Not only that though, the very field of science itself, to Foucault, is an incredibly important part of the social structures that surround us, all of which have a normalizing influence on thought. Society doesn’t work if we don’t have this stuff. We need doctors to determine who is sick and who is well. We need psychologists to determine who is sane and who is crazy. We need thought leaders within the sciences to determine who is credible and who isn’t. Science itself becomes a crucial part of the process of normalization because it becomes the standard that everything is measured up against to make sure things fit. But what is this scientific standard that we’re weighing everything up against other than a consensus arrived at by a bunch of people that were born into an episteme, working through a scientific paradigm, with twenty-plus years of normalizing influence on their thought?

Foucault would say, the social structures that make so many aspects of our world even possible are fueled by a narrow cultural discourse, a cultural discourse that’s constantly changing, a cultural discourse that offers commentary on any topic you can possibly imagine, including what it even is to be a human being. You know, if it’s not completely obvious by this point, Foucault is first and foremost in the business of questioning dominant narratives about things that most people just take to be the way that things are.

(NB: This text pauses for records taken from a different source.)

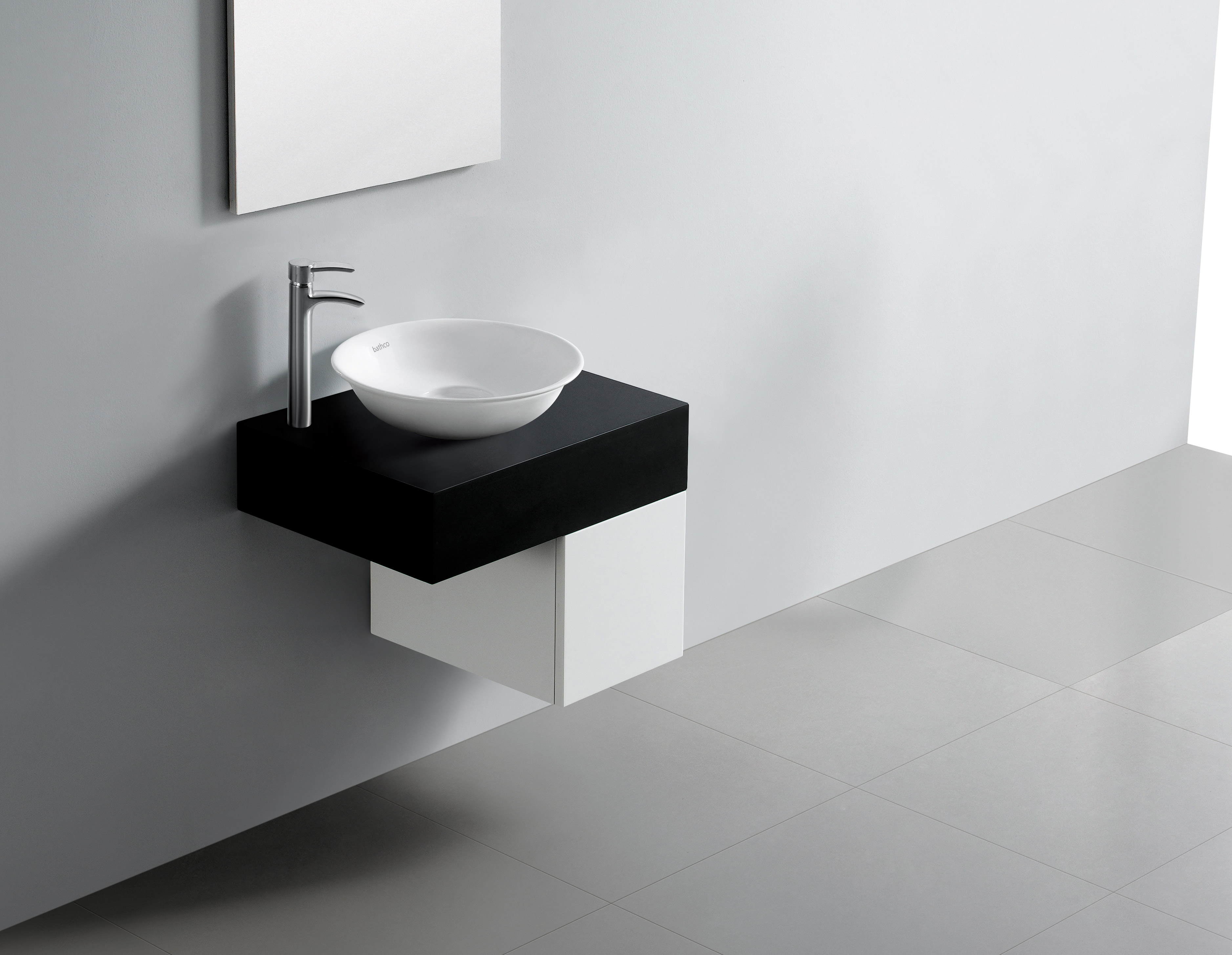 Encimera de madera en formato compacto, acabada en negro. Una pieza sencilla y duradera para baños pequeños.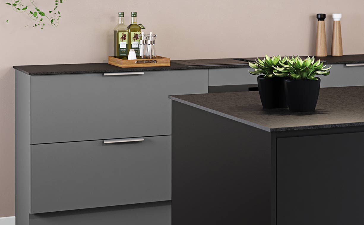 + Elegante antrasittgrå Zenit-skuffer til hele kjøkkenet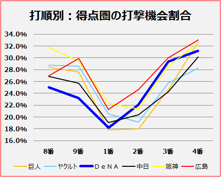 上の表は走者が得点圏にいる状況で8番打者が打席に立った割合を示したものだ。実は、DeNAはチームの平均的な得点圏での打席割合との差が広島に次いで2番目に低い値となっており、純粋に8番打者が得点圏で打撃をする割合25.1%は、リーグで最も低い値となっている。DeNAは8番打者にチャンスで回りにくいチームなのだ。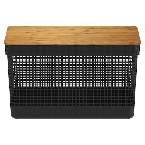 A linha de Cestos Grid foi desenvolvida com um mix perfeito entre conforto, design e funcionalidade. Os cestos possuem diversos tamanhos, são empilháveis e versáteis.Podem ser utilizados em closets, cozinhas, lavanderias ou até mesmo na sala de estar para decorar.O Cesto Organizador Grid 20 Litros com Tampa de Bambu Preto OU possui medidas de 39cm-profundidade x 29cm-largura x 22,6cm-lltura e a capacidade de 20 litros. Além de possuir tampa em bambu que traz um toque a mais de sofisticação e elegância para qualquer ambiente da sua casa.Os Cestos Grid são perfeitos para aliar organização e decoração na sua casaCódigo de Barras:7908466013868 Referência:CG355PTF Marca: OU Composição/Material:Polipropileno e Bambu Dimensões aproximadas do produto (cm):26,2x29x39 cm Peso aproximado do produto (kg):1.126 kg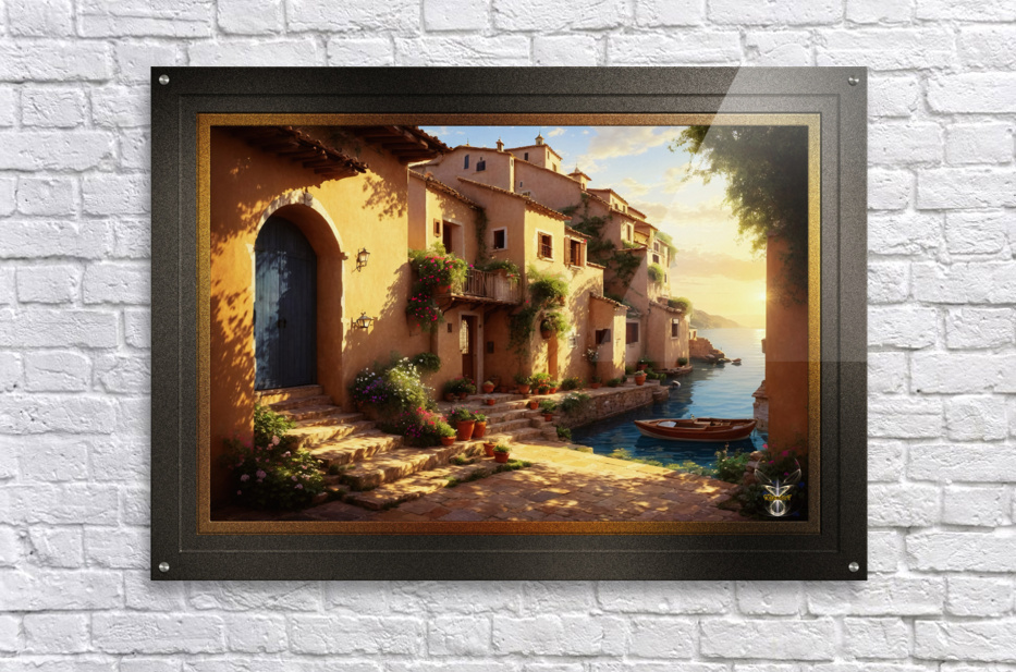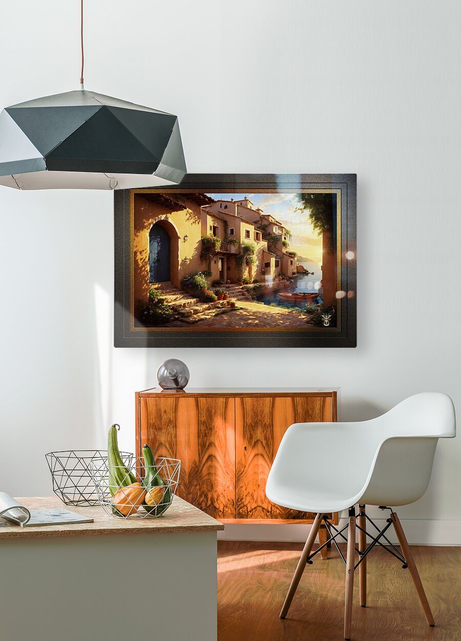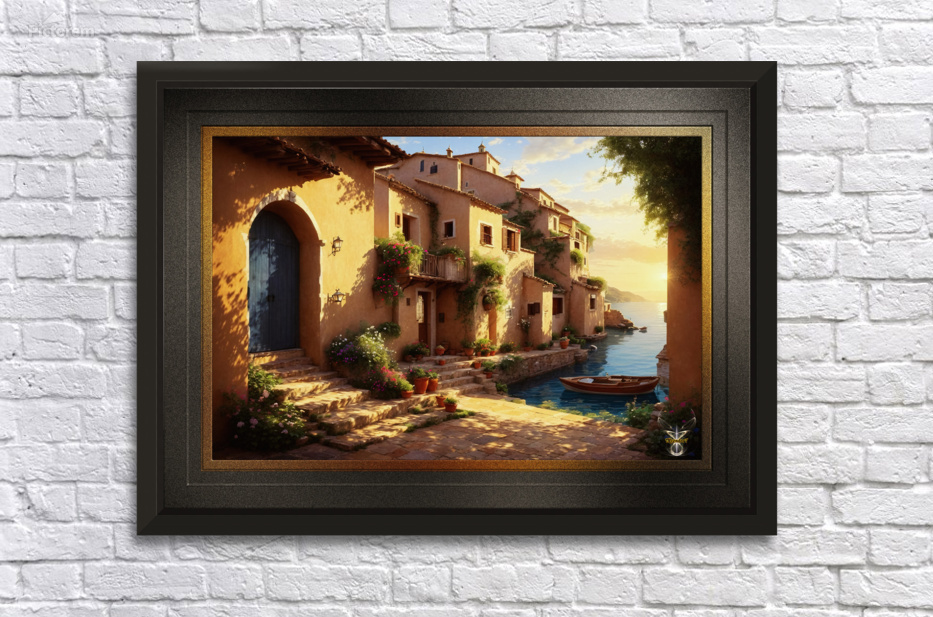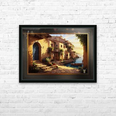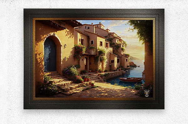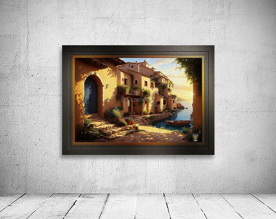 A Seaside Village In The Morning Sun Serene AI Concept Art by Xzendor7 Wall Decor Frame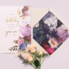 Whatever you need to say—Thanks, Thinking of You, or Keep the Faith—we have a card for that. Printed on fancy wedding or pearlescent paper stock accented with metallic foil or glitter. Each card has coordinating envelope with full color artwork inside.

It’s been said -- and this is where we’ll pick up next episode -- it’s been said that Immanuel Kant, considered by some to be the greatest philosopher to ever live, one of the primary ideas that he explores in his work is the idea that through analysis of the subjective we may be able to arrive at objectivity. Through analyzing the lens that we experience the world through -- our senses, our mental faculties, our ability to reason -- if we study these things closely enough, we may be able to arrive at properties that are necessarily true about them or the world of phenomena that we’re accessing. In other words, Kant is interested in taking the subjective and arriving at things that are necessarily true about the world.

Well, Foucault, again if it isn’t entirely obvious by this point, is turning that whole thing on its head. Foucault is interested in finding things that we think are necessarily true and showing them to be subjective, contingent, and grounded in history. We’ll pick up here next time.

Thank you for listening. Talk to you then.